There was a pause between both cohorts. If they had seen the same thing we’d survived, then we were all suspecting the other of the same thing. I tried to find imperfections in their appearance, something that might betray their humanity or monstrosity. But, there was nothing. I counted ten people, all adults, all in those identical starting outfits, all with their own color of tunic.

“You!” There was a face I recognized. The cop from the inn, Elena. “Great idea, there, having everyone run off on their own.” Her voice condemned me clearly. The other players seemed to listen close. Had she made herself chief of another tribe?

Ola whispered to me, “You know her?”

I didn’t get a chance to explain. The cop continued, “If you two walk away from that boy right now, you can join with us. He’s responsible for killing children.”

My mind couldn’t help but recall the scared girl, unwilling to even leave her room until I started talking.

“I didn’t kill anybody,” I said. My voice choked on the last words and I knew it sounded unconvincing because I didn’t believe it. “Did anyone make it? Besides us?”

“I wouldn’t tell you the time of day if I knew it,” she fired back. “Last chance, you two. I consider him a murderer. Are you with him or us?” This woman had a habit of drawing lines. I tried not to look too upset.

Ola moved quickly to the larger group.

“Sorry, Levi, but-” she was so scared.

“It’s fine,” I assured her.

“And you?” the cop asked.

“I’m not with him, but I’m not with you either,” Jenna said. I enjoyed her evasive answers getting on someone else’s nerves.

“If you’re not with us, then you’re against us,” the cop said.

“Then I’m out of here,” Jenna said. She walked off towards the stone buildings, now only a short walk away.

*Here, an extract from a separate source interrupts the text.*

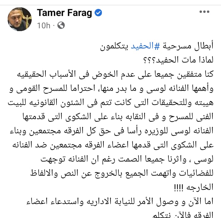 كتب تامر فرج عبر حسابه الرسمي بموقع التواصل الإجتماعي “فيسبوك”: أبطال مسرحية الحفيد يتكلمون لماذا مات الحفيد؟ كنا متفقين جميعا على عدم الخوض فى الأسباب الحقيقيه وأهمها الفنانه لوسى و ما بدر منها، احتراما للمسرح القومي وهيبته وللتحقيقات التى كانت تتم فى الشئون القانونية للبيت الفني للمسرح و في النقابة.

The cop’s crowd still watched me with suspicion. The wear on their different outfits indicated some kind of scuffle. Maybe that clay monster hadn’t been the only danger unleashed on the town.

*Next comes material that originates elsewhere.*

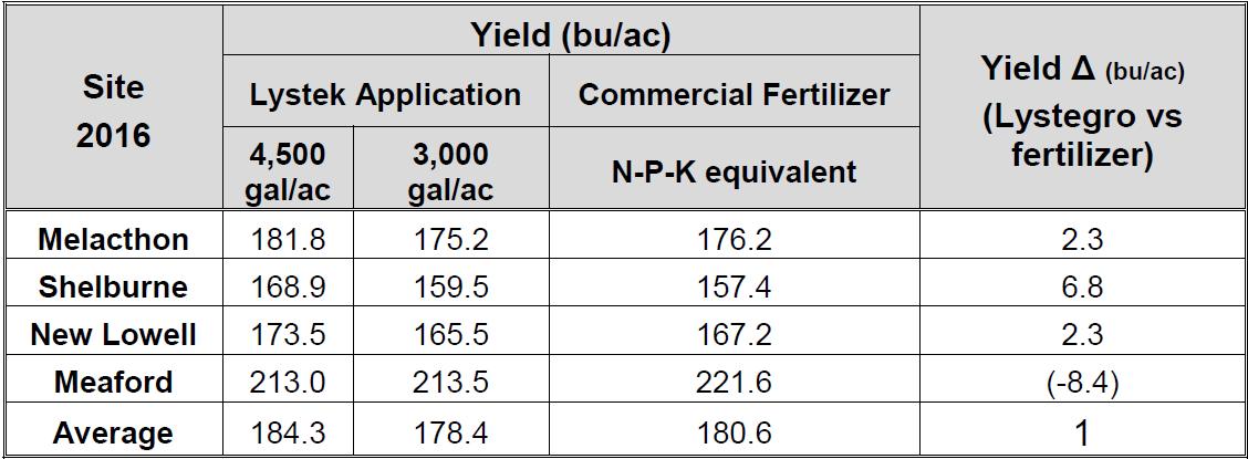 The Meaford site shows a yield response to the Lystegro. The 3,000 gal/ac application rate appears adequate for best yield results. At this site, the additional nitrogen applied from the higher rate did not appear to increase yield. Stalk nitrate samples from all the treatments were high at this site, but well over 2,000 ppm for the 4,500 gal/ac application rate. The soil nitrogen results in this field are higher than expected, even for the fertilizer check plots and the plant tissue results were also within the ideal range for growth. A stalk nitrate test of over 2,000 ppm is an indication that more nitrogen was applied than required for the crop. In this site a lower rate of nitrogen might have resulted in more economic yield.

“I’ll be on my way too,” I followed after Jenna, but didn’t get far.

“You should leave this town, immediately.” Elena ordered.

“And that’s your decision to make?” I asked. “You are not a cop. You’re the same as us.”

The woman was prepared for that answer. “Nobody wants you here. You made a very bad decision and got a lot of people killed.”

“You just hate when someone doesn’t listen to you!” I said. “Everybody at the inn made their own choice.”

“And now we’re making one,” she continued. “Get out, or we’ll force you out.”

I underestimated how scared her followers were. She knew how to ratchet their anxiety up and up, until I might as well have been another monster. Already a few of them were walking towards me.

They came to a sudden stop at my fingertips.

“Don’t move!” I ordered them. “I’ll leave, but don’t follow. I’ll go and end this game. So stay here, scared and subordinate.”

“You’re bluffing!” Elena accused me again. “He’s dangerous, but he’s just a kid.”

“He’s not!” Ola warned the group. “I saw it. He can create fire from thin air.” The group’s enforcers took a careful step back. “We earned powers from fighting the monsters. I don’t really understand it, but they’re real.”

She looked pleadingly at me. But, I understood. This was her way of helping us both, even if it would permanently ostracize me from the people of this town. She wouldn’t be suspected of being a traitor if she revealed information about my abilities, and I would be let go if I seemed too dangerous to control. It didn’t matter if what she said was true, just that it fed perfectly into Elena’s narrative.

“Then, I’m not surprised you’d turn them against other people!” The cop announced. “Anyone here would share that power with everyone else. We wouldn’t use it to bully our way through life. Just go!”

I scrambled for an argument. I’d hoped to explore the stone towers and exhaust the village of any clues and treasures. Doing that while looking over my shoulder just wasn’t possible. No game only had a small village. I tried to make peace with the fact that I’d find something else, but it was harder than I’d imagined. Not even half a day had passed, and I’d already found a place that rejected me.